Kahane’s discography also includes 2014’s The Ambassador, which received an acclaimed staging at BAM, directed by Tony Award-winner John Tiffany; an album of chamber music, The Fiction Issue, with the string quartet Brooklyn Rider; a recording of his orchestral song cycle Crane Palimpsest with The Knights; as well as the original cast album for February House. Other collaborations have included work with Paul Simon, Phoebe Bridgers, Sufjan Stevens, Andrew Bird, Caroline Shaw, and Chris Thile.
A two-time MacDowell Colony fellow, Kahane received the 2021 Charles Ives Fellowship Award from the American Academy of Arts and Letters. After nearly two decades in Brooklyn, Kahane recently relocated with his family to Portland, Oregon.
Johnny Gandelsman
Grammy award-winning violinist and producer Johnny Gandelsman's musical voice reflects the artistic collaborations he has been a part of since moving to the United States in 1995. Richard Brody of The New Yorker has called Johnny Gandelsman “revelatory” in concert, placing him in the company of “radically transformative” performers like Maurizio Pollini, Peter Serkin and Christian Zacharias.
As a founding member of Brooklyn Rider and a member of the Silkroad Ensemble, Johnny has closely worked with such luminaries as Bela Fleck, Martin Hayes, Kayhan Kalhor, Yo-Yo Ma, Mark Morris, Anne Sofie von Otter, Alim Qasimov & Fargana Qasimova, Joshua Redman, Suzanne Vega, Abigail Washburn and Damian Woetzel.
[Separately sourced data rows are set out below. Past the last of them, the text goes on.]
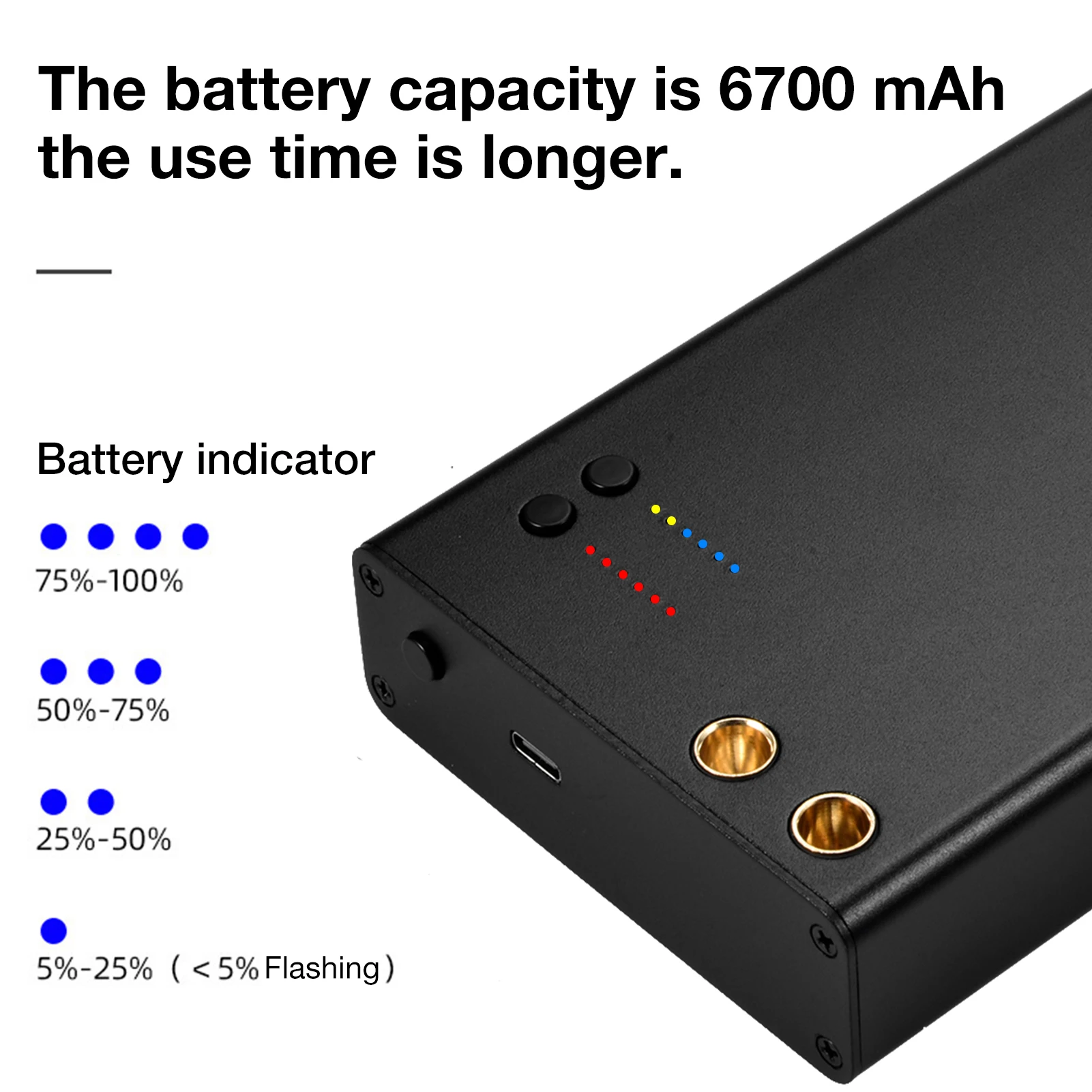 5. Оснащен индикатором электричества светильник (синий), различные цифры, чтобы показать различное количество электроэнергии, 1 светильник (5-25%, вспышка <5%), 2 светильник s(25-50%), 3 светильник s(50-75%), 4 светильник s(75-100%).
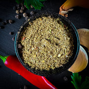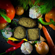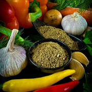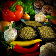 Sastāvs: sāls, koriandrs malts, sinepju pulveris, ķiploku granulas kaltētas, baziliks kaltēts, burkānu granulas kaltētas, sinepju sēklas, pētersīļi kaltēti, sīpolu granulas kaltētas, majorāns kaltēts, saldās paprikas pulveris, pipari melni malti, čili malti, dilles kaltētas, timiāns kaltēts, oregano
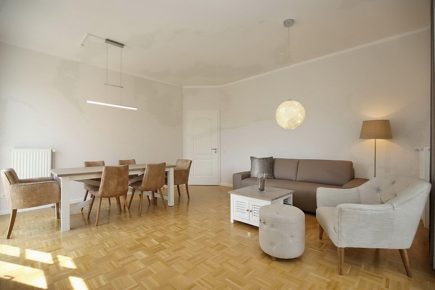 Die separate, geflieste Küche ist mit einem Geschirrspüler, Mikrowelle, Kühlschrank mit Gefrierfach und einem 4-Platten-Cerankochfeld ausgestattet. Ein großzügiges, gefliestes Duschbad ist ebenfalls vorhanden. Die Böden im Wohnzimmer und den Schlafzimmern sind mit Parkett ausgelegt.
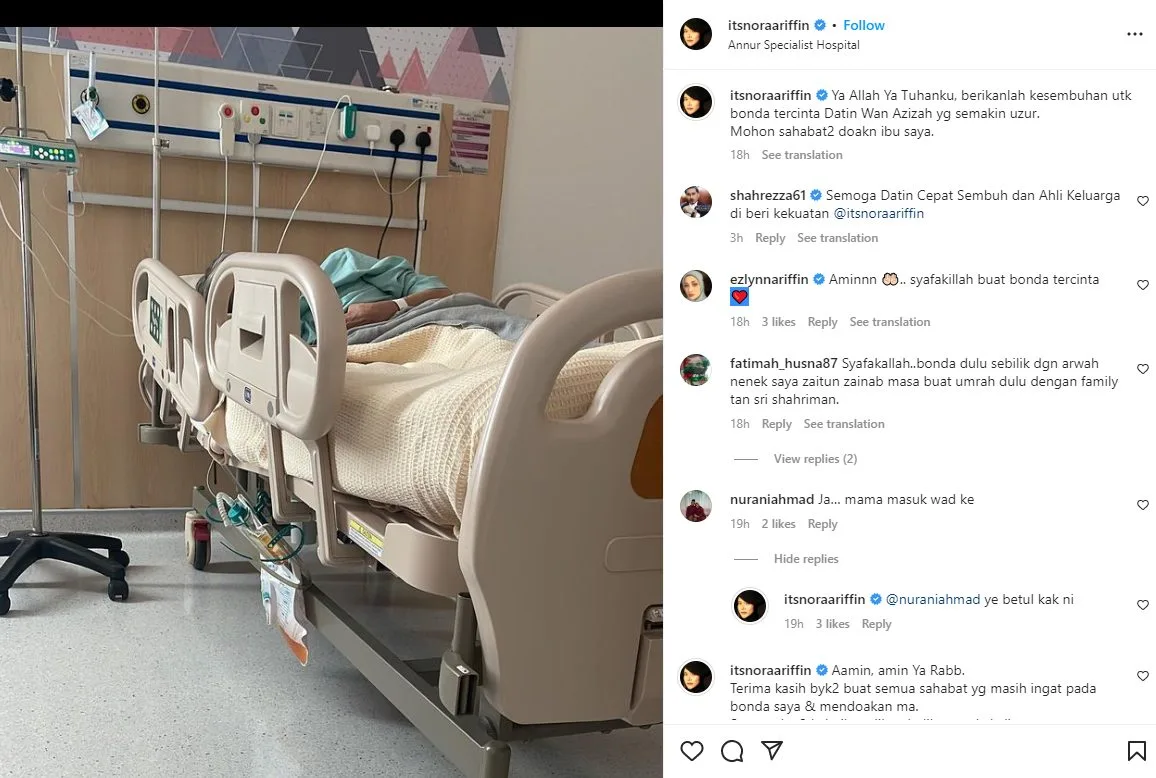 “Ya Allah Ya Tuhanku, berikanlah kesembuhan untuk bonda tercinta Datin Wan Azizah yang semakin uzur. Mohon sahabat-sahabat doakan ibu saya.”-Tulis Nora

He has appeared with Bono, David Byrne, Renee Fleming, Rhiannon Giddens, I'm With Her, Christian McBride, and many others.
Gandelsman integrates a wide range of creative sensibilities into a unique style amongst today's violinists, one that according to the Boston Globe, possesses "a balletic lightness of touch and a sense of whimsy and imagination". Johnny's recording of the complete Bach Sonatas and Partitas for Solo Violin, which reached #1 on the Billboard Classical Chart, and made it onto NY Magazine and NY Times Best of the Year lists, was described by the Boston Globe as "...sparklingly personal Bach, shorn of grandeur, lofted by a spirit of dance, and as predictable as the flight of a swallow."
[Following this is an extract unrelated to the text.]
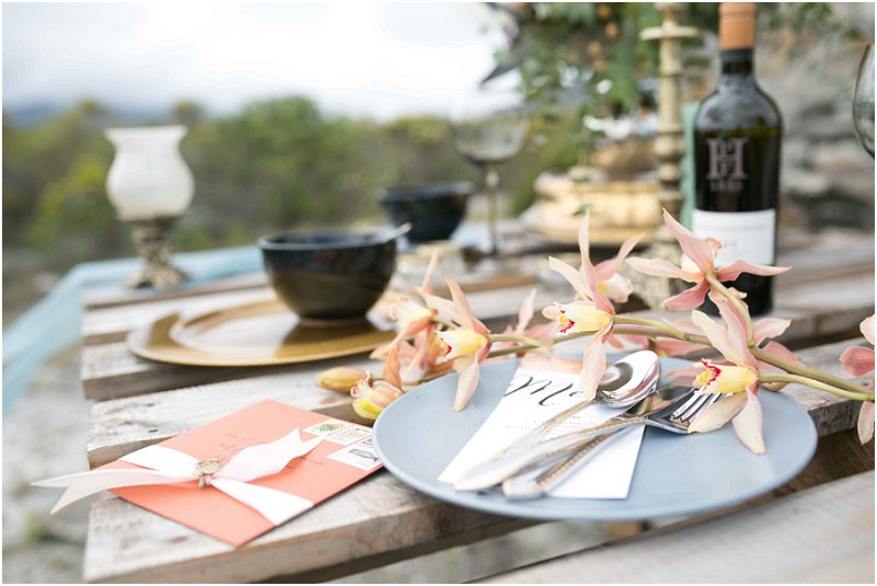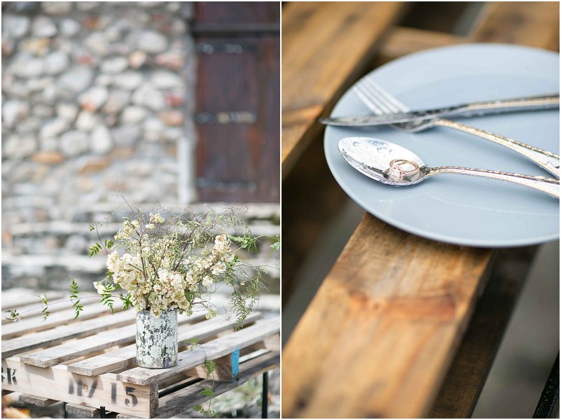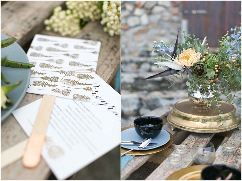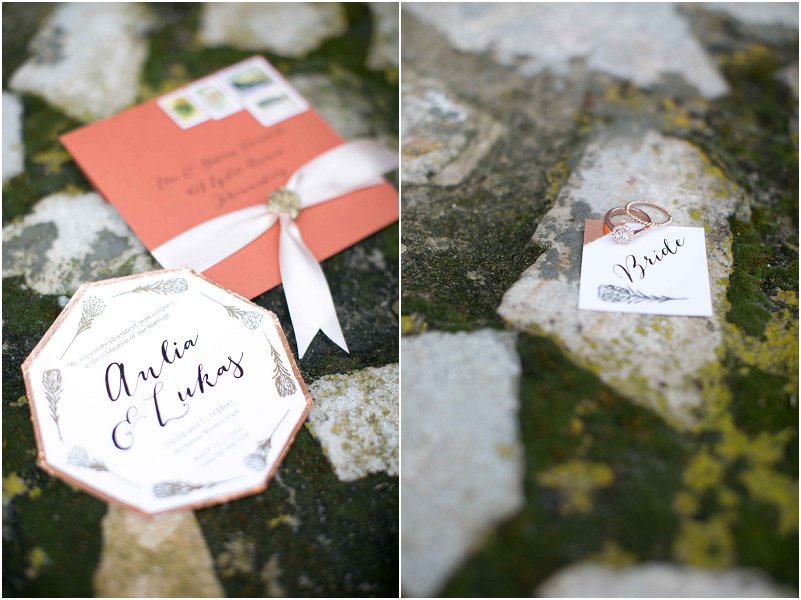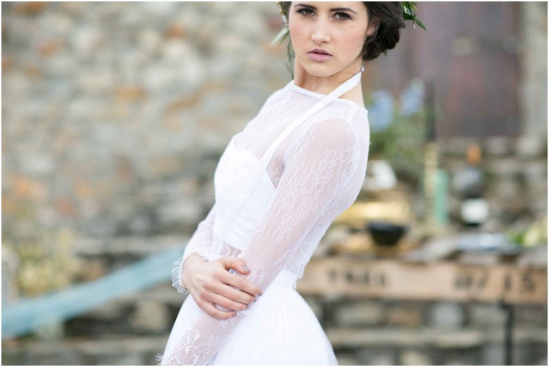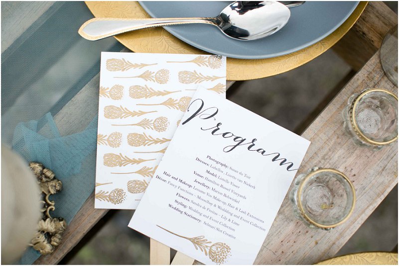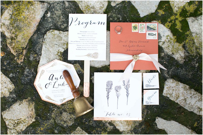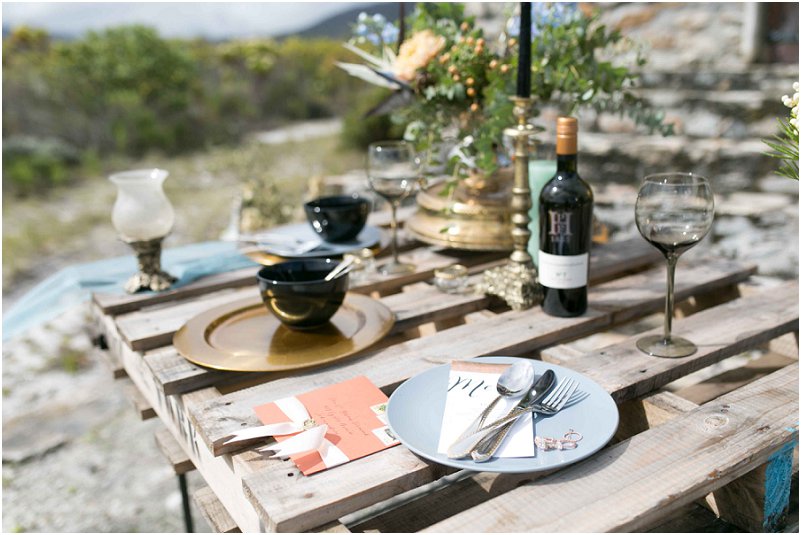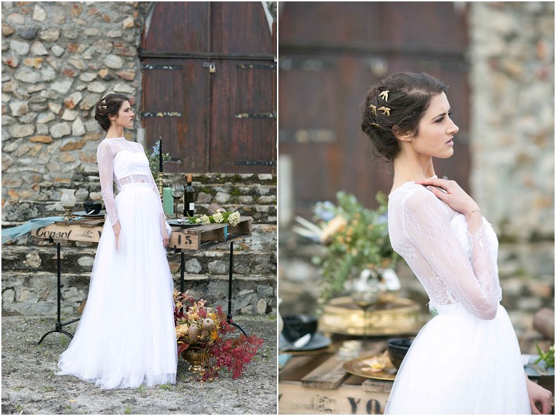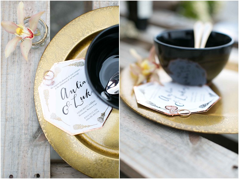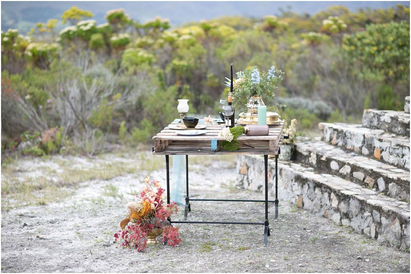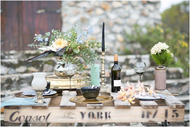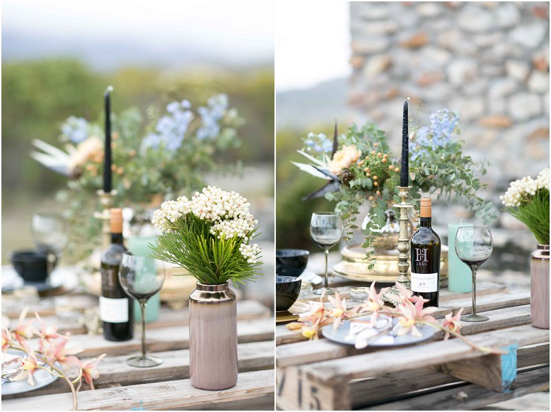 Die ou klip kapel, nou ‘n kuns studio, op die Hamilton Russell wynplaas, staan hoog bo die vallei uit. So ook die bruid wat wag vir haar bruidegom – onmisbaar deel van die landskap vol skoonheid – wag in haar Lubellos® ontwerp van Chantilly kant, Milano satyn en polyster tulle. Die bruid se juwele is diamante en roos goud – die kenmerkende edelgesteentes van Suid-Afrika en vervaardig deur die kunssinnige oog van Marion Rehwinkel. Die tafels van eenvoudige palette en natuurlike kleure – verskuif die aandag na die inheemse blomme van die Weskaap en herinner ons, dat die huwelik ‘n heilige geleentheid is en dat Godgegewe skoonheid onbetaalbaar duur vertoon.

A passionate advocate for new music, Johnny has premiered dozens of new works, including music by Lisa Bielawa, Tyondai Braxton, Daniel Cords, Christina Courtin, Reena Esmail, Bela Fleck, Gabriela Lena Frank, Bill Frisell, Osvaldo Golijov, Gonzalo Grau, Ethan Iverson, Vijay Iyer, Colin Jacobsen, Gabriel Kahane, Rubin Kodheli, Angel Lam, Ljova, Dana Lyn, Nico Muhly, Padma Newsome, Shara Nova, Edward Perez, Matana Roberts, Kyle Sanna, Gregory Saunier, Caroline Shaw, Kojiro Umezaki, Dmitri Yanov-Yanovsky, Du Yun, Evan Ziporyn and John Zorn.
Johnny has been producing records since starting his label, In a Circle Records in 2008. Recent credits include Ken Burns & Lynn Novick's PBS documentary film "Hemingway", Silkroad Ensemble's "Falling out of Time", Brooklyn Rider's Grammy-nominated "Healing Modes" & “Spontaneous Symbols” (In a Circle Records); Magos Herrera & Brooklyn Rider's "Dreamers" (Sony); Johnny's own recording of JS Bach's complete Cello Suites & complete Sonatas and Partitas for violin (In a Circle Records) and 2 albums with Silkroad Ensemble and Yo-Yo Ma: “The Vietnam War”, documentary film by Ken Burns and Lynn Novick; and Silkroad Ensemble & Yo-Yo Ma's “Sing Me Home”, a Grammy-award winner for Best World Music album (Sony)
Johnny was born in Moscow into a family of musicians. His father Yuri is a world-renowned violist, his mother Janna is a pianist, and his sister Natasha is a violinist as well. He lives in Brooklyn with his partner, Amber Star Merkens, and their two kids, Julius Ivry and Raiya Leone.